__TASK TO COMPLETE__. Reproduce every line below exactly as written; do not include the images.

------ SUPPLIED INFORMATION

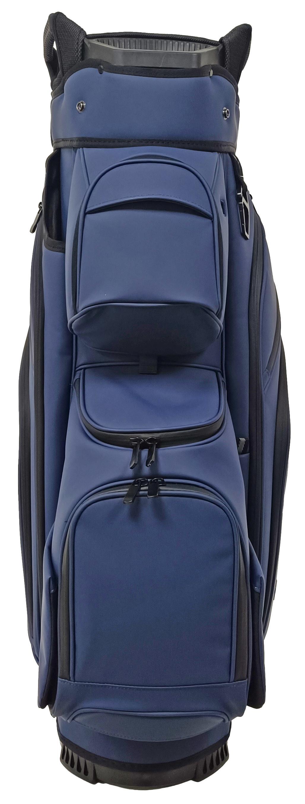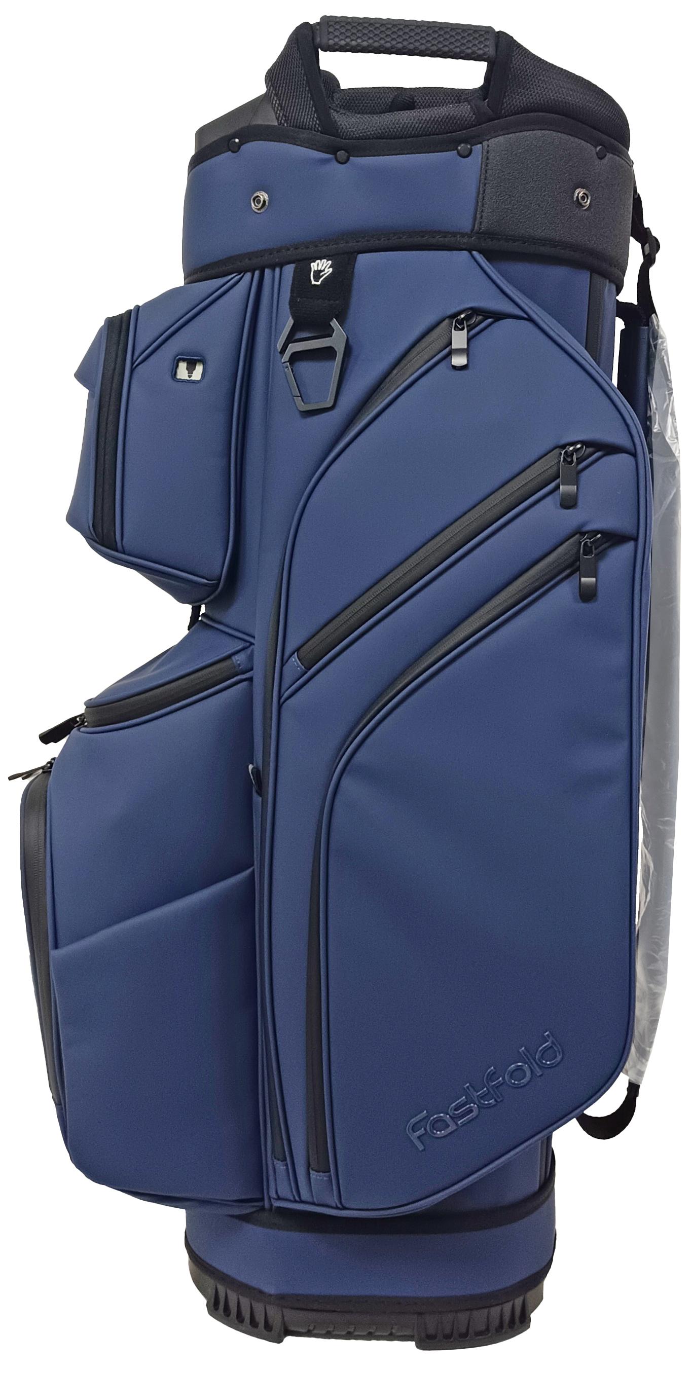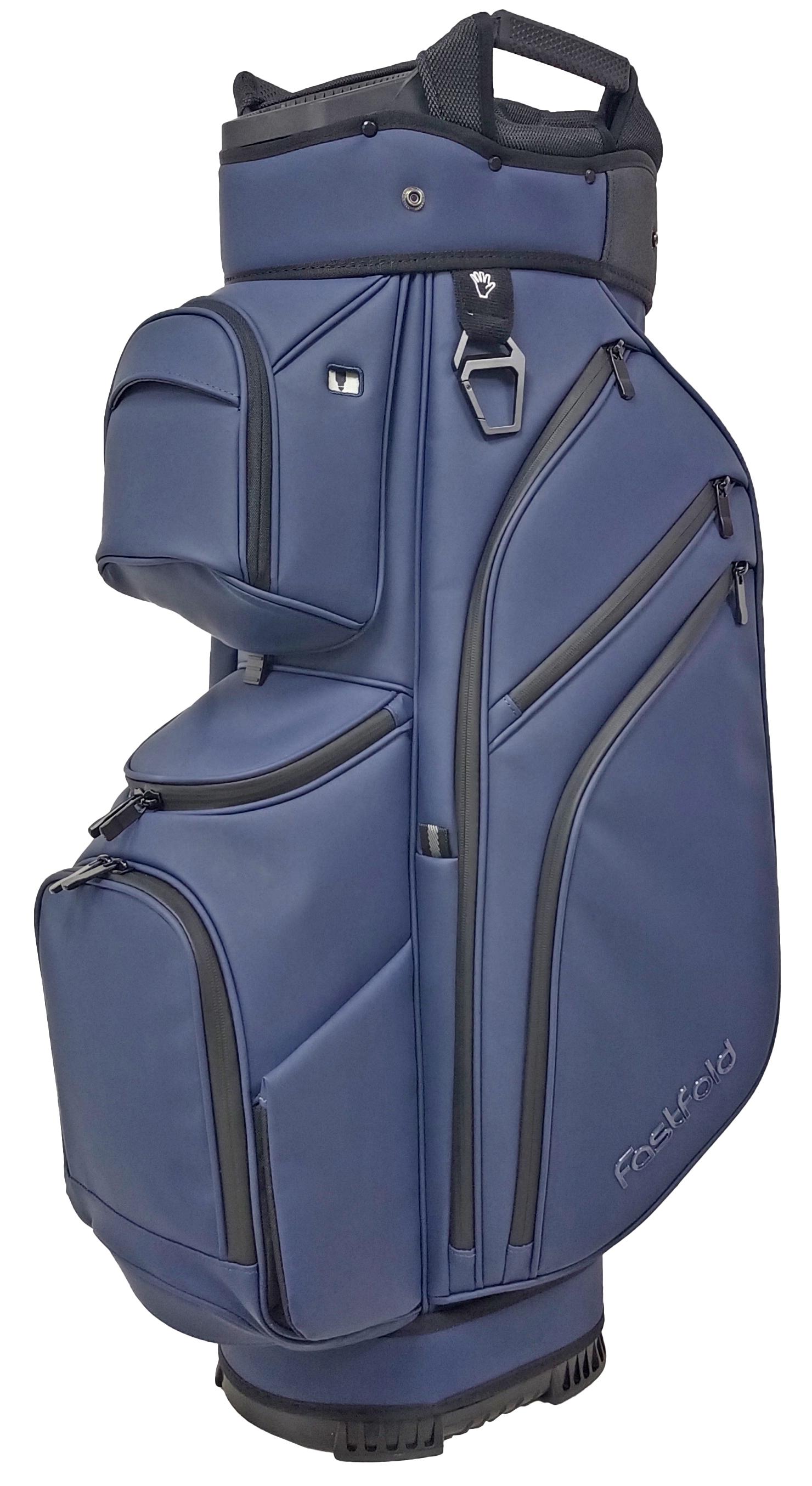 The Fastfold 9.5″ Cart bag Elegance Ultra Dry combines luxury with performance. Its high-end material with a leather-look exudes sophistication, while the 15-way divider, putter slot, and 11 pockets keep your gear perfectly organised. Enjoy magnetic front and side pockets, two waterproof valuables pockets, and a cooler pocket for ultimate convenience. Built for comfort with deluxe padding, transport handles, and a rubber backside. With sealed zippers, a zippered rain hood, and an umbrella holder, this 3.8 kg cart bag is as practical as it is stylish!
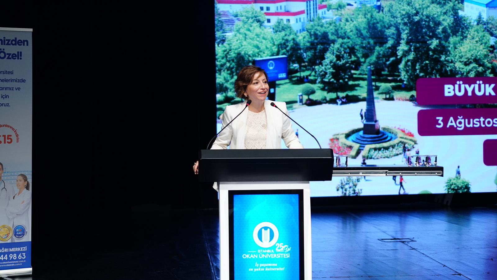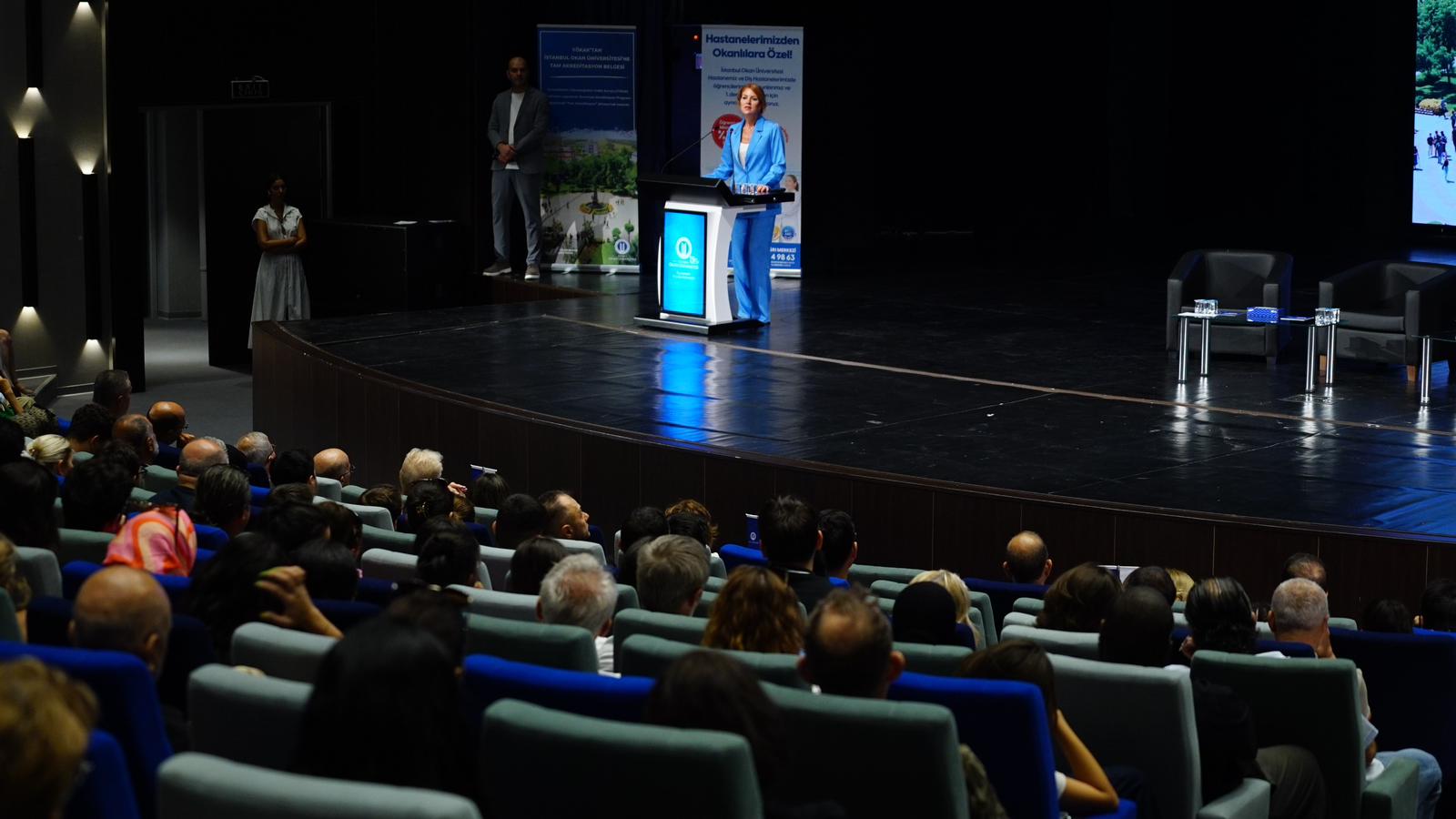 Rektörümüz Prof. Dr. Güliz Muğan açılış konuşmasında “Günümüz dünyası geleceğin insanını, evrensel insanı arıyor. Biz İstanbul Okan Üniversitesi olarak iş yaşamına en yakın üniversite sloganıyla işte sizi bu yeni dünyaya hazırlamak için buradayız. 22 ülkeden 87 üniversiteyle Erasmus anlaşmamız, 300’den fazla üniversiteyle ISEP, 25 farklı ülkeden 39 üniversiteyle çift diploma anlaşmamız mevcut. Uluslararası deneyimi yerinde yaşamınızı istiyoruz ama bir yandan da dünyayla sizi teknolojinin küresel boyuttaki dijital mecralarında buluşturuyoruz. Türkiye’nin en güçlü kariyer merkeziyle Türkiye’de ilk ve tek patenti olan Kariyer ve Yaşam Programı’nda sizleri iş hayatına hazırlıyor, bir yandan okurken bir yandan çalışmanızı sağlıyor, yapay zeka, metaverse gibi derslerin yanı sıra sosyal derslerle de değişim hızına uyum sağlamanızı hedefliyoruz” dedi.
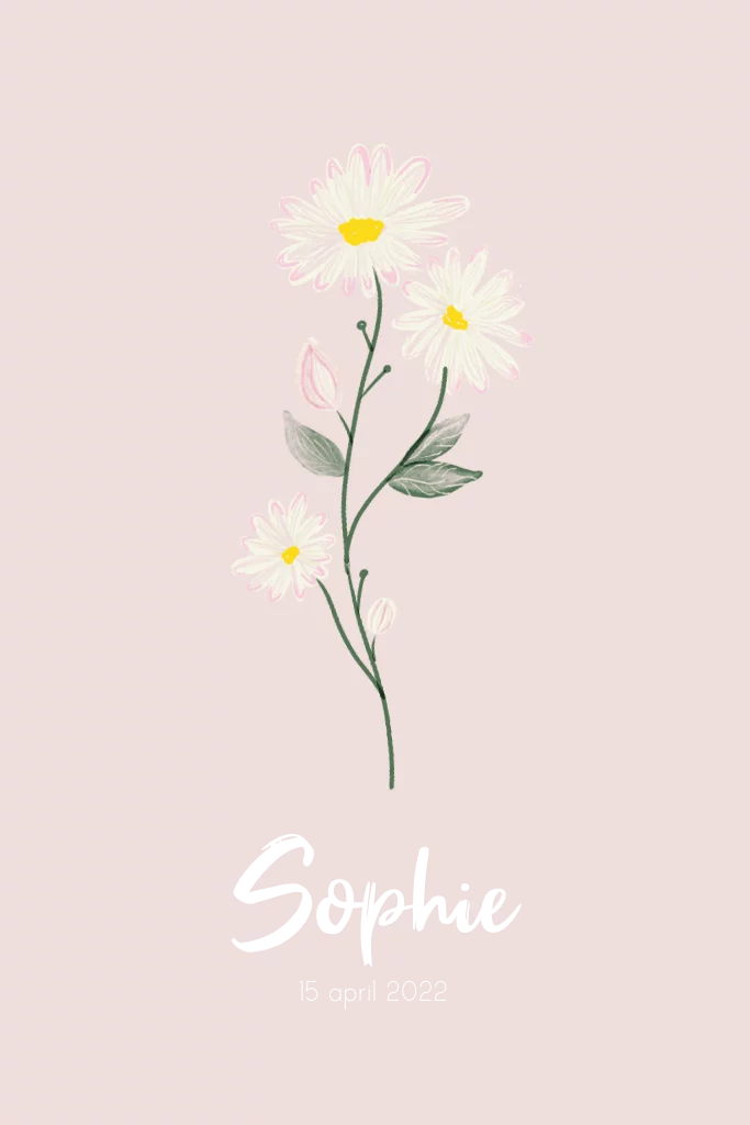 Poster voor de babykamer met de geboortebloem van april; een madeliefje.
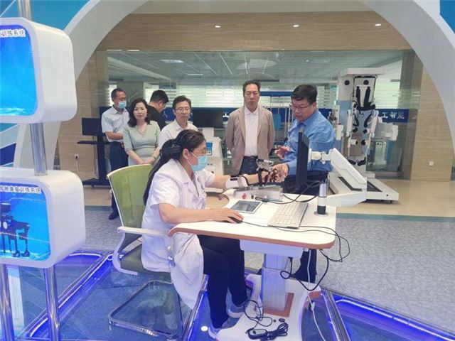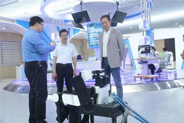 现场参观考察了海天智能医疗大健康数据中心,在听取了企业智慧养老服务发展情况以及“海天神康精准智慧康养服务平台”建设情况的汇报,详细了解了海天智能智慧化康复设备的研发及推广应用后,潍坊市卫健委一级调研员李迎春主任对此次中国中药谷与海天智能战略合作的意义高度认可并充分肯定。

------------

__RESULT__.
 The Fastfold 9.5″ Cart bag Elegance Ultra Dry combines luxury with performance. Its high-end material with a leather-look exudes sophistication, while the 15-way divider, putter slot, and 11 pockets keep your gear perfectly organised. Enjoy magnetic front and side pockets, two waterproof valuables pockets, and a cooler pocket for ultimate convenience. Built for comfort with deluxe padding, transport handles, and a rubber backside. With sealed zippers, a zippered rain hood, and an umbrella holder, this 3.8 kg cart bag is as practical as it is stylish!
 Rektörümüz Prof. Dr. Güliz Muğan açılış konuşmasında “Günümüz dünyası geleceğin insanını, evrensel insanı arıyor. Biz İstanbul Okan Üniversitesi olarak iş yaşamına en yakın üniversite sloganıyla işte sizi bu yeni dünyaya hazırlamak için buradayız. 22 ülkeden 87 üniversiteyle Erasmus anlaşmamız, 300’den fazla üniversiteyle ISEP, 25 farklı ülkeden 39 üniversiteyle çift diploma anlaşmamız mevcut. Uluslararası deneyimi yerinde yaşamınızı istiyoruz ama bir yandan da dünyayla sizi teknolojinin küresel boyuttaki dijital mecralarında buluşturuyoruz. Türkiye’nin en güçlü kariyer merkeziyle Türkiye’de ilk ve tek patenti olan Kariyer ve Yaşam Programı’nda sizleri iş hayatına hazırlıyor, bir yandan okurken bir yandan çalışmanızı sağlıyor, yapay zeka, metaverse gibi derslerin yanı sıra sosyal derslerle de değişim hızına uyum sağlamanızı hedefliyoruz” dedi.
 Poster voor de babykamer met de geboortebloem van april; een madeliefje.
 现场参观考察了海天智能医疗大健康数据中心,在听取了企业智慧养老服务发展情况以及“海天神康精准智慧康养服务平台”建设情况的汇报,详细了解了海天智能智慧化康复设备的研发及推广应用后,潍坊市卫健委一级调研员李迎春主任对此次中国中药谷与海天智能战略合作的意义高度认可并充分肯定。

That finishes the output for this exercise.